Sep 27, 2013 | By Tim Powers

Prenatal Cocaine Exposure

Cocaine Addiction

Prenatal Cocaine Exposure: The Effects

cocaine babies

Prenatal cocaine exposure has significant effects on both behavior and brain functioning.  In animal studies, prenatal cocaine exposure during development in the womb causes disruptions in brain development and causes adverse effects on behavior in childhood that lasts through adulthood.  Similar studies in human populations have been limited due to ethical concerns.  The research that has been done regarding prenatal cocaine exposure in human populations have shown impairments in the attention, impulse control and emotion regulation portions of the brain, along with a heightened predisposition to initiate substance abuse.

Researchers from the Yale School of Medicine, headed by Dr. Rajita Sinha, had conducted a study to evaluate the grey matter of adolescents who had prenatal cocaine exposure in comparison to those who did not have prenatal cocaine exposure.  The researchers had surmised that adolescence is the time period in life when substance use begins.  The study was published in the June edition of Biological Psychiatry.

Forty-two adolescents between the ages of fourteen and seventeen were recruited for this particular study.  These adolescents had prenatal cocaine exposure and were part of a long-term study.  For comparison, twenty-one adolescents that were not exposed to cocaine in utero were also studied.  All participants were asked questions about their use of a wide range of illegal drugs, submitted urine samples and underwent structural neuroimaging scans.

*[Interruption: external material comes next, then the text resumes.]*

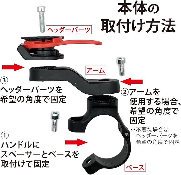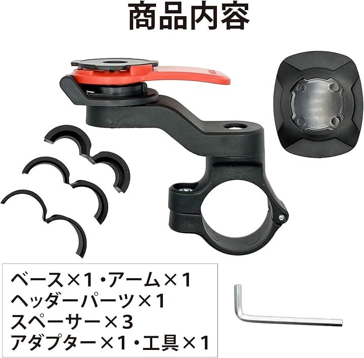 バイク、自転車、原付、スクーターのスマホホルダーや携帯ホルダーとしてはもちろん、対応サイズのマウントやバーなどの取り付けも可能。

The results of the study showed those adolescents subjected to prenatal cocaine exposure had lower gray matter volume in key brain areas associated with emotion, reward, memory and executive functioning, in comparison with those adolescents with no prenatal cocaine exposure.  Also of note was the volume of gray matter between those that had prenatal cocaine exposure and those adolescents with no prenatal cocaine exposure in the womb.  With each one milliliter decrease in brain matter, there was an increase of initiation of substance abuse by 69.6% to 83.6% depending on the region of the brain affected.

According to Dr. John Krystal, editor of Biological Psychiatry, The results of this study of prenatal cocaine exposure contain strong implications for those pregnant women who use cocaine.  Prenatal cocaine exposure may cause brain regions to develop abnormally even though structurally the brain may look normal.  The gray matter of the brain is the part of the nervous system that processes information.  Deficits in gray matter areas are documented in many other disorders such as schizophrenia and attention deficit disorders, among others.

The researchers of this study have noted, however, that participants in this study differed only in whether there was prenatal cocaine exposure; no other health or mental illnesses were noted in participants.  In the broadest scope, this study shows how prenatal cocaine exposure in the womb may translate to brain changes that impact emotion and cognition.  Dr. Sinha predicts that in the future the specific brain alterations that are a result of prenatal cocaine exposure may serve as biomarkers that can be targeted to prevent drug use and abuse.